A British national living in Sierra Leone has tested positive for the Ebola virus and is currently being assessed by medical experts, the Department of Health has said.
The Department said medical experts were assessing the situation "to ensure that appropriate care is delivered" and that consular assistance is being provided. It refused to give any further details on the victim or their condition.
Professor John Watson, deputy chief medical officer, said in a statement following the revalation: "The overall risk to the public in the UK continues to be very low. Medical experts are currently assessing the situation in Sierra Leone to ensure that appropriate care is provided. We have robust, well-developed and well-tested NHS systems for managing unusual infectious diseases when they arise, supported by a wide range of experts."
The World Health Organisation (WHO) has put the number of people infected with the deadly virus at 2,615. Some 1,427 have died since the disease was identified in Guinea in March and spread to Sierra Leone, Liberia and Nigeria.
It was confirmed yesterday that an Irish engineer who died at home after returning from working in Sierra Leone had not contracted Ebola.
Dessie Quinn, 43, was being treated for malaria after returning two weeks ago from the west African country and was found dead in bed in Co Donegal by a friend in the early hours of Thursday.
The Health Service Executive said test samples had proved negative for Ebola.
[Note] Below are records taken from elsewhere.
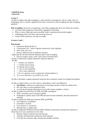 This Note for Elements of Data Processing is used for revision purposes. It contains all lecture+tutorial topics from week 1 to week 12. Topics include: Data wrangling, Data format, XML/JSON, data pre-processing and data cleaning, Outliers, Recommender systems, Visualisation, Agglomerative, Correlations, Classification and regression techniques ( entropy, Decision Tree etc), record (data) linkage problem, Bloom filter, motivation for blockchain technology, 3 party protocol for privacy, k-anonymity and l-diversity, ethical considerations, big data summary and many more! The notes is quite compact, with few spaces. It covers all examinable materials including lectures and workshops. I used this note to get 92% in final exam. There are 12 pages with 5000+ words of detailed summary and key points to study for. Spending a week on it to get Easy H1 :)
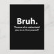 Postal Bruh Typography Bruh diseñada por Nisha Prabhu. ¡Envíen algo de actitud con esta tarjeta postal de tipografía bruta! Perfecto para cualquier ocasión, este diseño audaz y pegadizo seguramente hará una declaración. Ya sea que estés diciendo "hey hermano" o simplemente quieras agregar un poco de encanto a tu correo, esta postal es la elección perfecta. Añade algo de zazzle a tu correspondencia con este diseño fresco y moderno. ¡Elige la tuya!
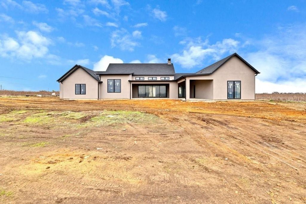 Experience the pinnacle of contemporary design in this new construction, custom-built modern stucco home offering approximately 4,900 sq ft of superior craftsmanship and refined elegance. Thoughtfully designed with clean architectural lines, expansive living spaces, and the highest level of finish-out, this property delivers a lifestyle of luxury. A dramatic single-axle pivot front door sets the tone as you enter a light-filled interior highlighted by soaring ceilings and an impressive huge sliding glass wall that creates a seamless indoor–outdoor connection. Every inch of the home showcases premium, fully custom finish-outs—designer lighting, millwork, fixtures, cabinetry, and architectural details that elevate each space. This exceptional residence features 4 spacious bedrooms, each with its own en-suite bath, plus a total of 5.5 bathrooms crafted with high-end materials. The chef’s kitchen serves as a focal point, boasting custom cabinetry, luxury stone selections, and a layout designed for both everyday living and upscale entertaining. Upstairs, enjoy a dedicated movie theater along with a generous bonus room featuring a full bath, perfect for a private guest suite, game room, or home studio. Situated on 2.5 acres in the heart of Krum this home offers a rare blend of modern luxury and wide-open space—an ideal retreat with room to breathe, entertain, and create. An exceptional statement of modern living. A masterpiece of custom construction. Welcome home.
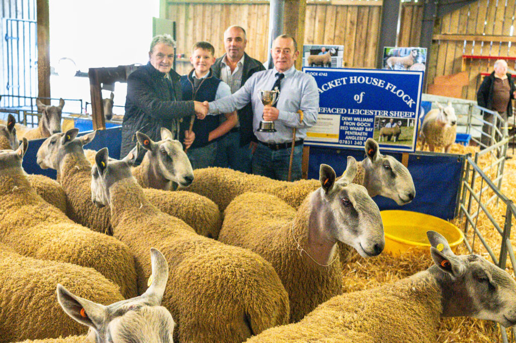 The Champion in the Traditional ring, judged by Derek Henderson, went to a shearling from John and Llinos Griffiths of the Tyhir flock. This smart tup, which had stood second at the Royal Welsh Show earlier in the summer, is by the P2 Mendick, which has done well for them. He sold to Brain Baker of the Olives flock for 5800gns.
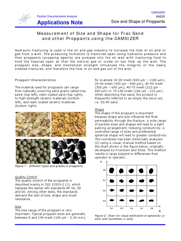 Proppant Characteristics for example 16-30 mesh (600 µm – 1180 µm),

The virus has no cure and rigorous quarantine measures are used to stop its spread, as well as high standards of hygiene for anyone who might come into contact with sufferers.
Symptoms of Ebola appear as a sudden onset of fever, intense weakness, muscle pain, headache and sore throat. According to the WHO, this is followed by vomiting, diarrhoea, rash, impaired kidney and liver function and, in some cases, both internal and external bleeding. The effects of the disease normally appear between two and 21 days after infection.
It is transmitted to people from wild animals and spreads in the human population through person-to-person transmission. Outbreaks have a case fatality rate of up to 90%.
The WHO says the disease can be passed between people by direct contact - through broken skin or mucous membranes - with the blood, secretions, organs or other bodily fluids of infected people, and indirect contact with environments contaminated with such fluids.